Prague, 18.6.2014 18:01, (ROMEA)
--ilustrační foto--
--ilustrační foto--

Czech Radio reports that Delphine Ankaoua never thought she would feel like an uninvited guest in the luxury Paris suburb of Neuilly-sur-Seine. Recently, however, her neighbors asked her to remove her mezuzah, a small box containing a Hebrew text from Holy Writ, from her doorpost, so she decided it was time she and her family moved to Israel. 

"It was an unbelievable shock for us," the 39-year-old woman told the British weekly Sunday Times. She had already instructed her sons to hide their skull-caps under baseball caps when they were out in public.

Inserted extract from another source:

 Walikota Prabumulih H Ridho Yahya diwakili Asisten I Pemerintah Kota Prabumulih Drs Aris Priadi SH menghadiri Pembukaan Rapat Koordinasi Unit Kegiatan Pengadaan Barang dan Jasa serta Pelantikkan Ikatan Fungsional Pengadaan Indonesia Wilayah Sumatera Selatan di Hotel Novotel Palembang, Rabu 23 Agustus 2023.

However, Ankaoua never expected her own neighbors to behave this way. "We called an organization that helps Jewish people face anti-Semitism, and they just told us to take the mezuzah down," she says.  

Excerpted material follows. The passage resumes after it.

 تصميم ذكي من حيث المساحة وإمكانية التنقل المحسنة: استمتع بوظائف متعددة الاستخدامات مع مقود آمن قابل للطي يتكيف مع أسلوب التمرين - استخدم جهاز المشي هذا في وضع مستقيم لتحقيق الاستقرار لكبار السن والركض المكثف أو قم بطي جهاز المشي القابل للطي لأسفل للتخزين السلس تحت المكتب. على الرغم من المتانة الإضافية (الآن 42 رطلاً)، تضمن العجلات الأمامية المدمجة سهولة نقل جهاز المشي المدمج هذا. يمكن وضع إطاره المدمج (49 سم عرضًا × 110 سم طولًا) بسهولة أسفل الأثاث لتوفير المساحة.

If she still had any doubts about moving, they were done away with two weeks prior to her planned move to Israel. Someone told her seven-year-old son that he wasn't allowed to play in the garden because he is Jewish.

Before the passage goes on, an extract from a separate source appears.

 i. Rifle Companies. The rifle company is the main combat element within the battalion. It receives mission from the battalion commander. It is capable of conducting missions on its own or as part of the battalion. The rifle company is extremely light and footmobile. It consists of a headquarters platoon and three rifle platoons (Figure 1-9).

"I almost wanted to exclaim:  Merci, la France! Thanks, France, for making our goodbye so much easier!" Ankaoua says.

In her new home in Jerusalem she has begun working for the state authority that aids other European Jews with their travel away from countries that are now full of enmity toward them. An extreme form of this loathing of Jewish people is represented by the recent events in Brussels, during which a radical anti-Semite murdered four visitors to the Jewish Museum as well as a staffer there.  

While that case has sparked international outrage, Belgian police have yet to find the perpetrator. According to data provided by the Israeli Government, the current exodus from Europe is affecting France most strongly, where more than half a million members of the Jewish minority live, as well as Belgium, whose Jewish community numbers 42 000. 

The number of French Jews leaving doubled in 2013 compared to previous years after an Algerian anti-Semite murdered seven people in Toulouse, including three young children from a Jewish school. Last year a total of 3 374 Jewish people moved to Israel. 

This year the total number could be as high as 5 000 , with 1 499 people having left by the end of April. Serge Cwajgenbaum, Secretary-General of the World Jewish Congress, claims far more Jewish people are also leaving Britain, Canada and the USA.

"Jewish people don't have doubts about their future only in France, but in all of Europe. They fear for their security," he says.

The EU authority for the elimination of racism has determined on the basis of a survey conducted among members of the Jewish minority that European anti-Semitism is most widespread today in Belgium, France and Hungary. Almost half of the respondents are concerned they will be subjected to insults, while 33 % live in fear of physical assault. 

One-quarter of respondents said they avoid Jewish buildings, institutions and social events because they do not feel safe. The head of the leading Israeli center for research into anti-Semitism, Robert Wistrich, says the vast majority of attacks on Jewish people and their property are linked to Islamic extremism but that this is not discussed in Europe because of political correctness. 

Wistrich believes the "traditional" anti-Semitism of the extreme right is restricted mainly to hateful statements and verbal aggression. "Few people even notice the extraordinarily intense anti-Semitic campaign being waged online," Wistrich said. 

Even French comedian Dieudonné M´bala M´bala, who has been convicted of disseminating anti-Semitism and forbidden entry into Britain, does not excite much comment in France. Rabbi David Mamou, who until recently ran an Orthodox Jewish school with more than 1 200 pupils in the 19th arrondissement of Paris, told the Sunday Times that police there recommended he completely cancel his celebrations of the Jewish holidays. 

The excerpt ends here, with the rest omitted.